GIVEN DATA
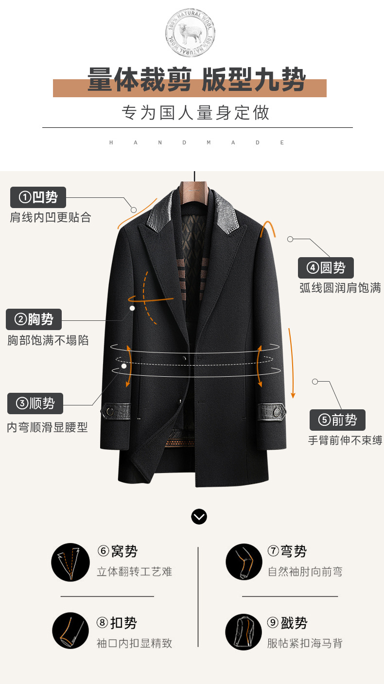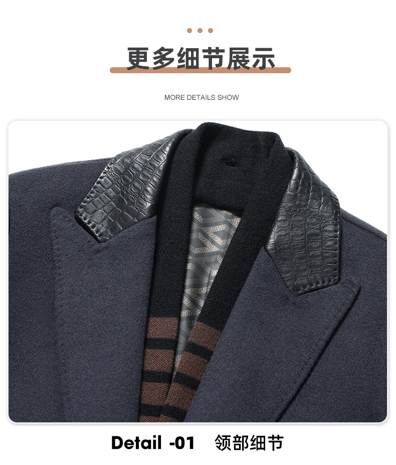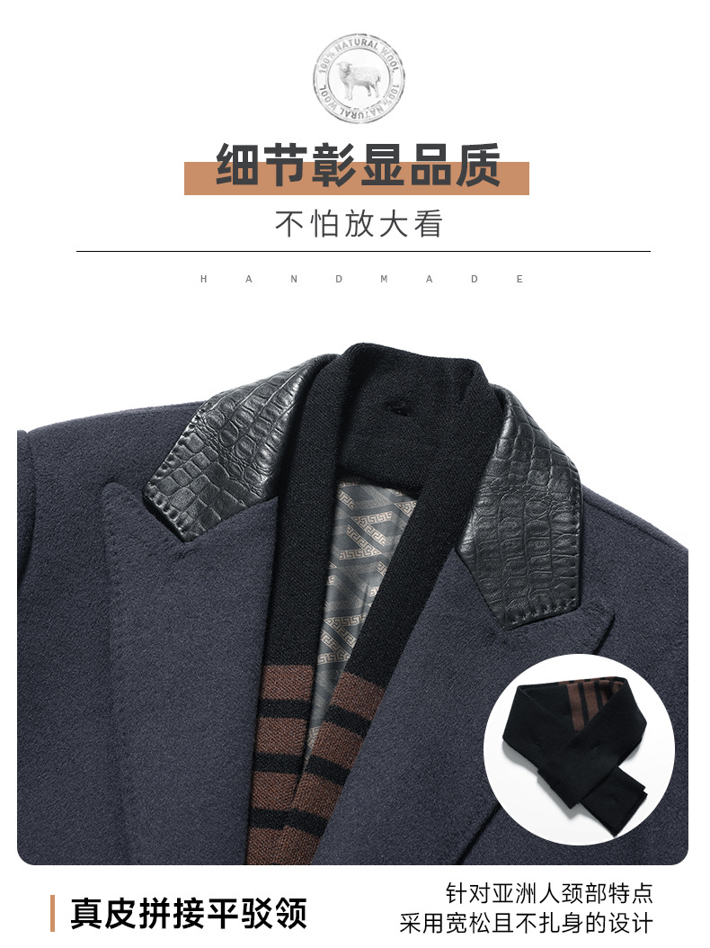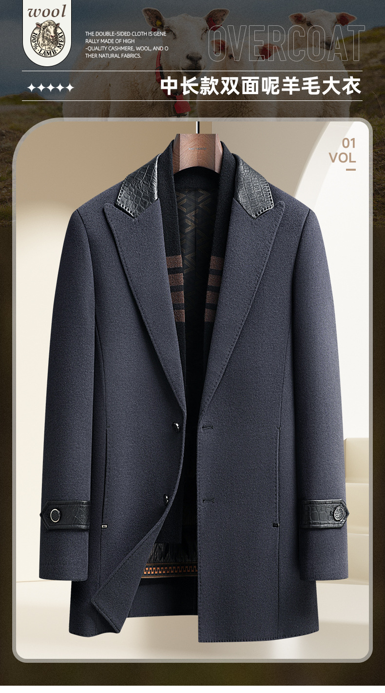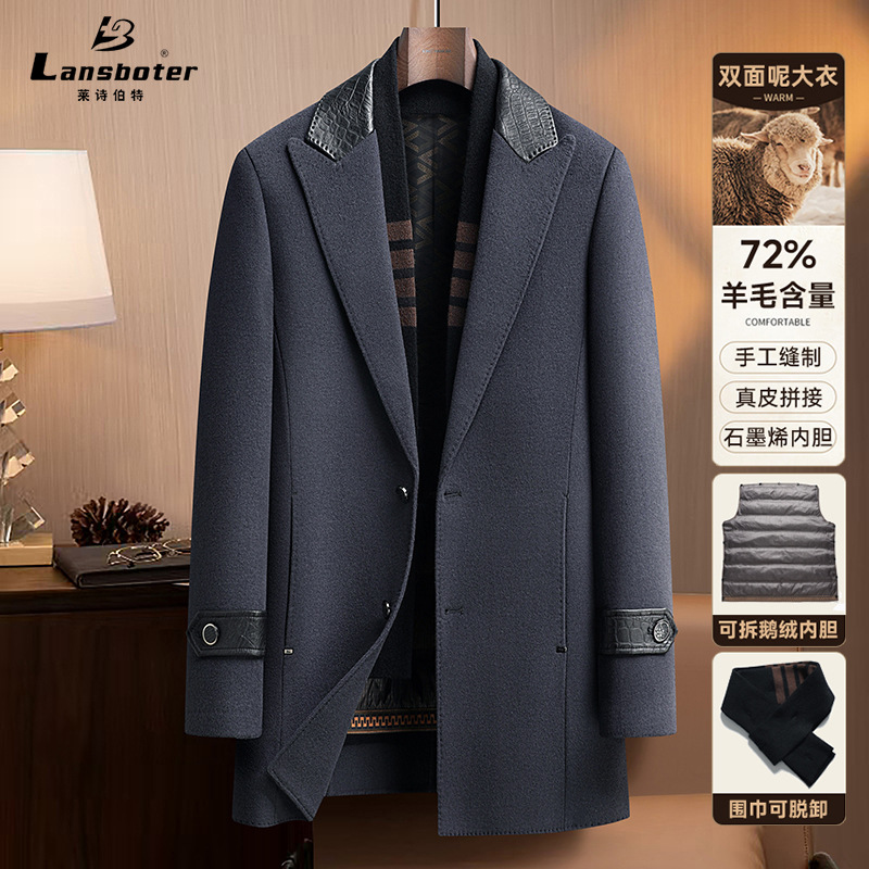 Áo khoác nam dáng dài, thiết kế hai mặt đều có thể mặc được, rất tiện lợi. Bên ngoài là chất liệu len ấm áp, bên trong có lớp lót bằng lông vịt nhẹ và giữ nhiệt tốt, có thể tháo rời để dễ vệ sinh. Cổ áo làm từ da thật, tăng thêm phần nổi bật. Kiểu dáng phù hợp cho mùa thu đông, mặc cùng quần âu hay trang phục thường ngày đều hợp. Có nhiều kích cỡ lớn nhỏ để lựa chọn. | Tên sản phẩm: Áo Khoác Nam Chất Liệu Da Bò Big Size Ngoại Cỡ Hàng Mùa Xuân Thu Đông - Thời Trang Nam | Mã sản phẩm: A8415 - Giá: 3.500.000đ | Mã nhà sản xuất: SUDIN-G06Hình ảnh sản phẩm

==

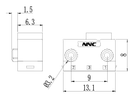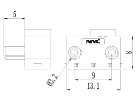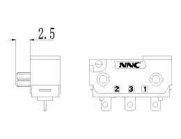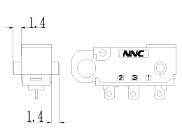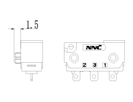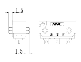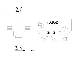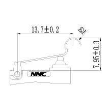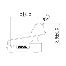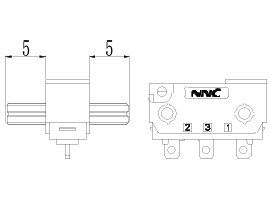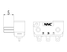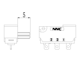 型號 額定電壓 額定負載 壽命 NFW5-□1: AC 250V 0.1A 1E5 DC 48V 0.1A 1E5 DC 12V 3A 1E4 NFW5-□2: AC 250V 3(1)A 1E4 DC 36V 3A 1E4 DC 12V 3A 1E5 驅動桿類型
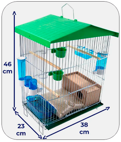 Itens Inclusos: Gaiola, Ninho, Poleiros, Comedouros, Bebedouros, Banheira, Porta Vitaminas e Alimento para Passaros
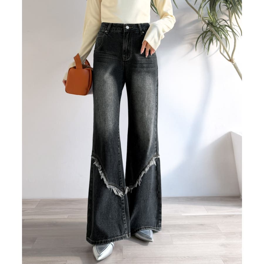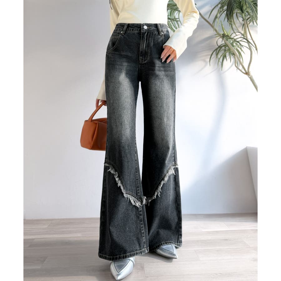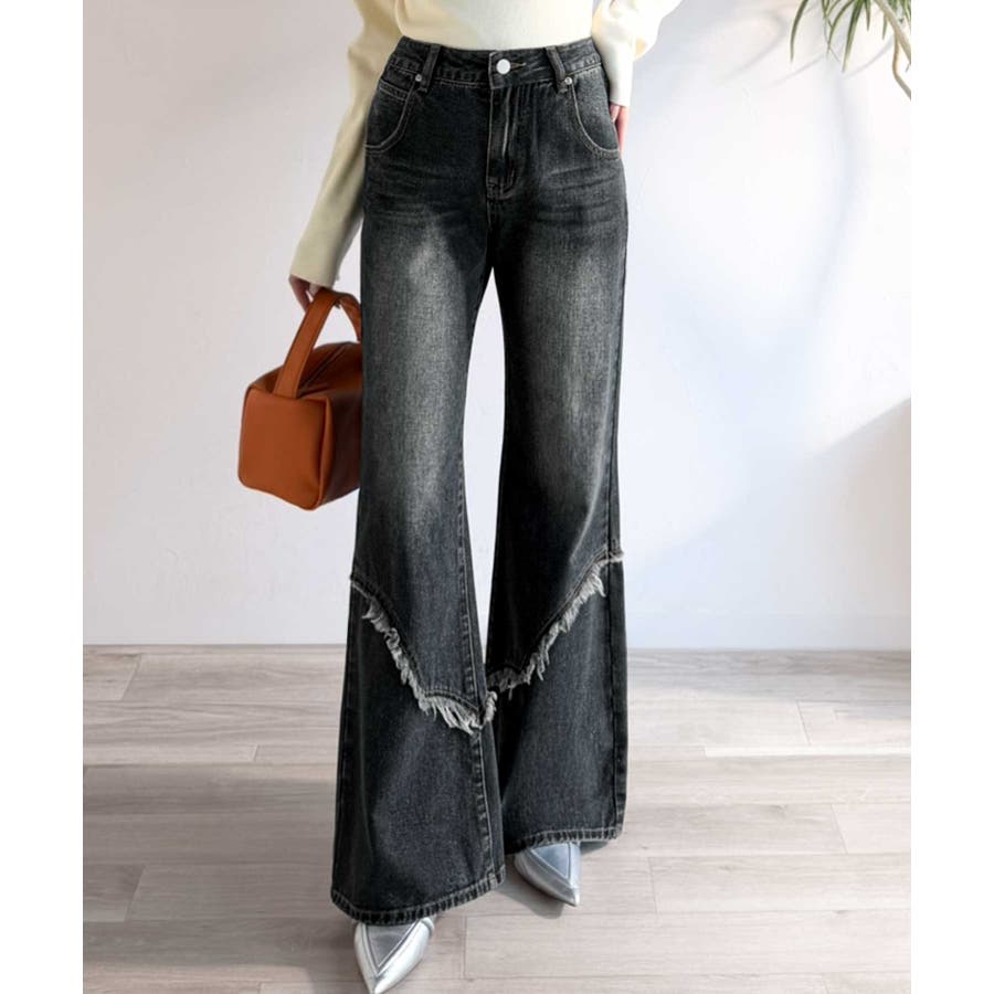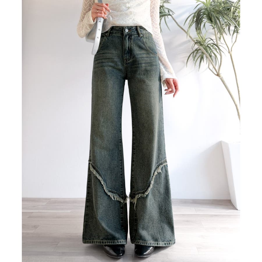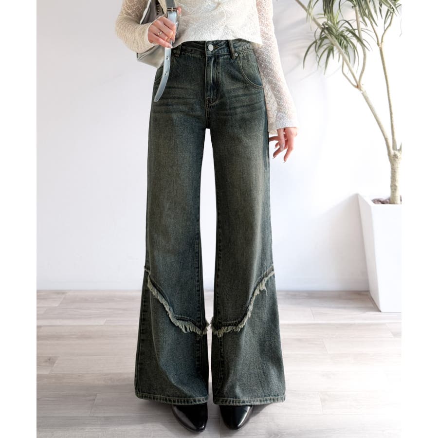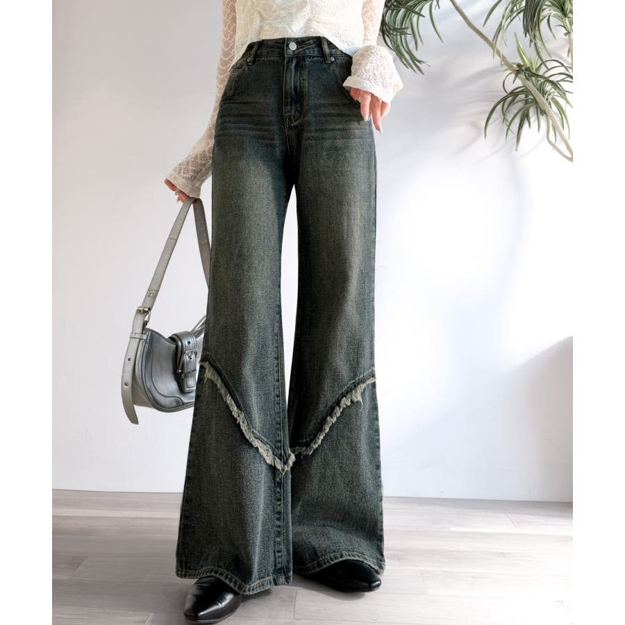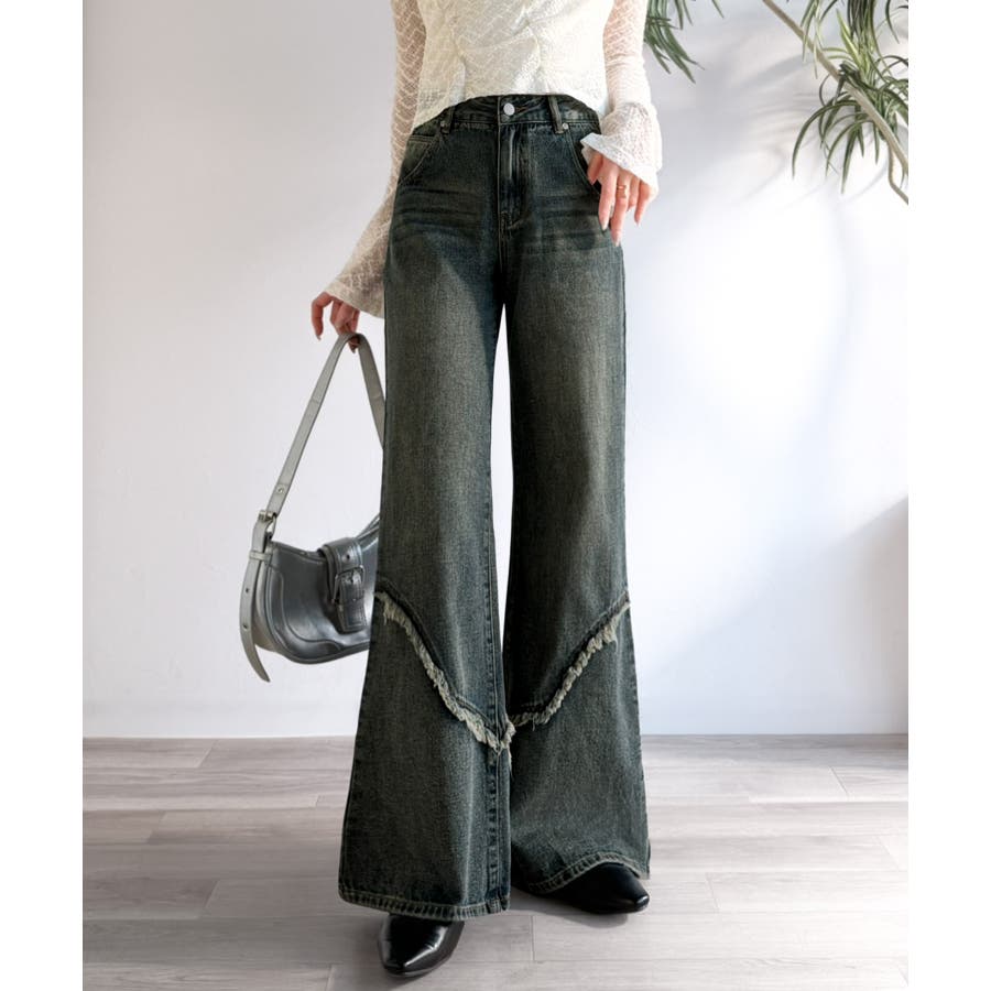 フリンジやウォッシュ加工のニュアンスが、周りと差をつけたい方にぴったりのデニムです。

EXERCISE
Beginning with the line above that has "Alimento para Passaros" and going on through the line that has "フリンジやウォッシュ加工のニ", retype every line exactly and add nothing else; drop the pictures.

SOLUTION FOR THIS TASK
 Itens Inclusos: Gaiola, Ninho, Poleiros, Comedouros, Bebedouros, Banheira, Porta Vitaminas e Alimento para Passaros
 フリンジやウォッシュ加工のニュアンスが、周りと差をつけたい方にぴったりのデニムです。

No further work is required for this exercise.